======== Material to process

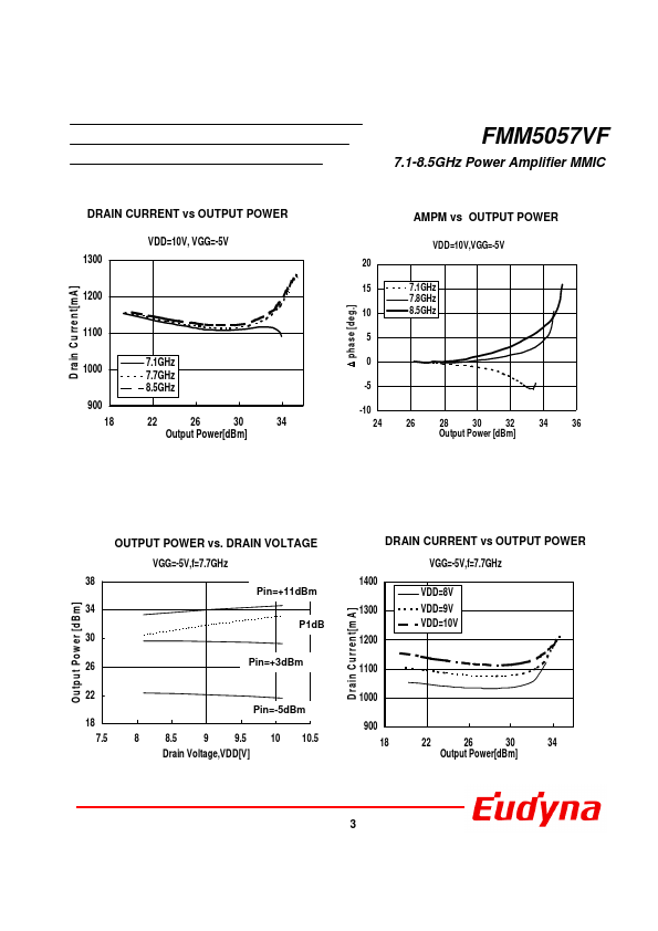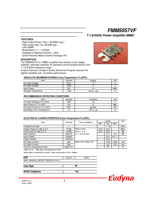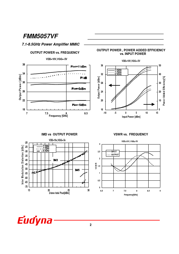 The FMM5057VF is a MMIC amplifier that contains a four-stages amplifier, internally matched, for standard munications band in the 7.1 to 8.5GHz frequency range. Eudyna Devices’s stringent Quality Assurance Program assures the highest reliability and consistent performance. P1dB VDD=10.0V Power Gain at 1dB G.C.P.
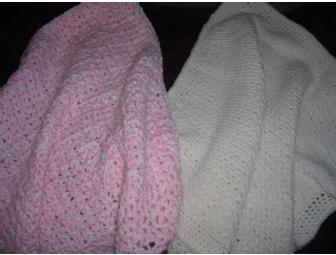 Baby-style blankets, 25' by 25'. One soft pink, V-stitch, and the other off white, basket weave stitch.
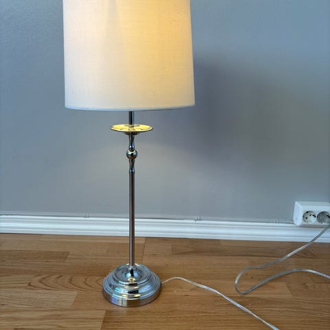 To bordlamper med hvite lampeskjermer selges fortrinnsvis sammen til kr 500.
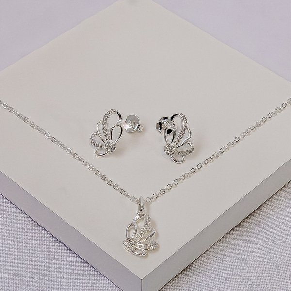 Produzido com banho de alta qualidade em prata, o conjunto apresenta brilho duradouro e excelente acabamento. As peças contam com detalhes cravejados que acrescentam elegância ao visual, além de serem hipoalergênicas e livres de níquel.
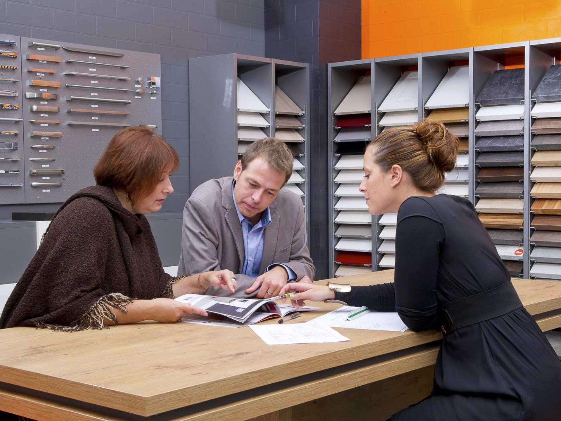 Prises de vue de l’accueil, des espaces de ventes (des alcôves discrètes, confortables, où le client peut suivre la conception de son projet à partir de l'ordinateur du vendeur ou en projection grand format sur écran), de l’atelier de composition spécifiquement dédié à la composition du projet : façade, plan de travail, crédences, robinetterie, poignées…

================

§ **Prompt**: Exact repetition of the material above is required, with the images removed.

§ **Answer space**:
 The FMM5057VF is a MMIC amplifier that contains a four-stages amplifier, internally matched, for standard munications band in the 7.1 to 8.5GHz frequency range. Eudyna Devices’s stringent Quality Assurance Program assures the highest reliability and consistent performance. P1dB VDD=10.0V Power Gain at 1dB G.C.P.
 Baby-style blankets, 25' by 25'. One soft pink, V-stitch, and the other off white, basket weave stitch.
 To bordlamper med hvite lampeskjermer selges fortrinnsvis sammen til kr 500.
 Produzido com banho de alta qualidade em prata, o conjunto apresenta brilho duradouro e excelente acabamento. As peças contam com detalhes cravejados que acrescentam elegância ao visual, além de serem hipoalergênicas e livres de níquel.
 Prises de vue de l’accueil, des espaces de ventes (des alcôves discrètes, confortables, où le client peut suivre la conception de son projet à partir de l'ordinateur du vendeur ou en projection grand format sur écran), de l’atelier de composition spécifiquement dédié à la composition du projet : façade, plan de travail, crédences, robinetterie, poignées…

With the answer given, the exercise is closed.